In his zeal to show his intense devotion to national security—as a sometime future president of the United States, if not this time around—Bloomberg is blithely indifferent to the certainty that his enormous expansion of DNA collecting by law enforcement will add to the wide scope of falsely incriminating errors in the DNA analyses.

The Innocence Project, based in New York, has shown many times over that DNA probes can be used to rescue people wrongly convicted of serious felonies from long prison terms and even death row. But when a crime lab, especially if it's overwhelmed, consistently produces less-than-competent work—or is just plain dysfunctional—it will contribute to convicting people whose actual innocence may never be proved.

"New York law does not mandate external blind proficiency testing of DNA laboratories. Such testing is discretionary and contingent," warns Perry.

Also, "[New York] State law fails to recognize that in order to ensure the integrity of DNA laboratories, they must be independent of undue influences by law enforcement and other state agencies. . . . "

And dig this—not only with regard to Bloomberg, but also whether Governor Spitzer will characteristically try again to bull through his expansion of DNA collecting. Said Perry in his testimony:

"[New York] State also permits localities throughout the state to collect and store the DNA of innocent persons, even when these individuals have been excluded as crime suspects. These so-called rogue databases operate outside the law, yet the state has taken no action to close the labs or to require compliance with regulatory procedures or guidelines. No legislation should be advanced regarding the DNA database until all laboratories are in compliance with state and federal laws."

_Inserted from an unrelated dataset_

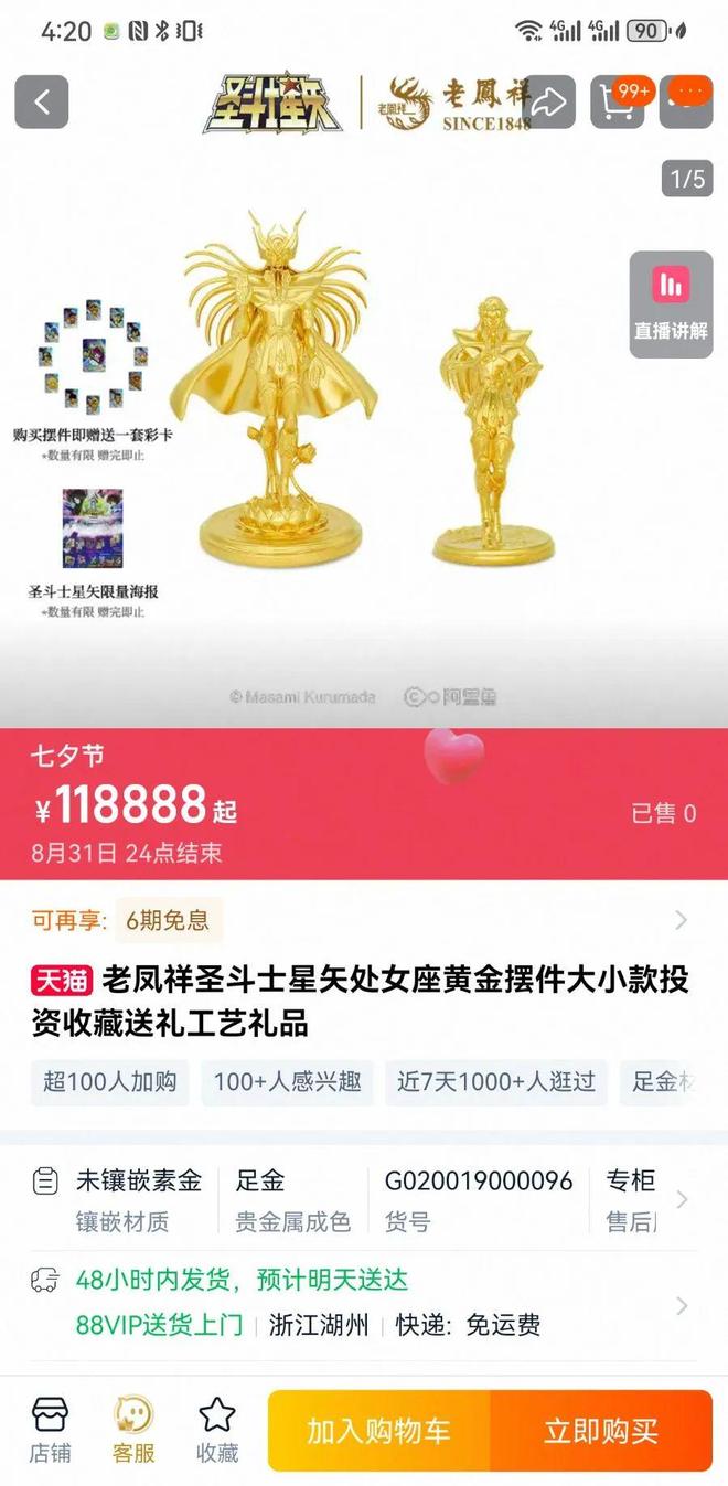部分联名黄金产品 图/21世纪经济报道 边万莉摄 在众多的IP中,圣斗士星矢承载了80后的美好回忆。记者在商场看到,老凤祥与圣斗士星矢的联名金卡,0.01g售价达到了600多元。在线上商场,2g重的十二星座在七夕节售价2580元,最为出圈的圣斗士星矢摆件,88g重售价达到11万多,666g售价88万余元。 “相比于传统的金饰,‘痛金’造型更好看。”00后张超(化名)告诉记者,选择“痛金”最主要是对IP的喜欢,而且变现比其他“谷子”(在二次元文化中,特指IP衍生出的周边产品)可能会更方便。二次元爱好者王静(化名)也向记者表达了类似的观点,“从我个人来讲,只要我还热爱这个角色,那它的存在就一直是有价值的,甚至要比付出的金钱更高。” 赵芳表示,“我目前其实更多是在工作之余来以放松为目的玩游戏,购买痛金一是觉得在个人接受范围内囤黄金哈哈哈,二是既然打算囤黄金了,再稍微溢价一些带自己喜欢的角色也挺好的。”

As for Bloomberg's proposal to collect DNA on this city's streets, his criminal-justice coordinator, John Feinblatt, told The New York Times 's Al Baker (January 19) that there's nothing for the innocents among us to worry about: "Very little training [is] needed for police officers to do the swabbing." And at the state police crime lab in Albany, "a huge statewide apparatus" has been handling the ever-increasing DNA caseload for years.

It's safe and simple, he added, to prevent "homicides and rapes and robberies and burglaries . . . the kinds of cases where most commonly you find DNA evidence."

Eventually, there ought to be a statue of this formidable mayor—with a swab in his outstretched hand!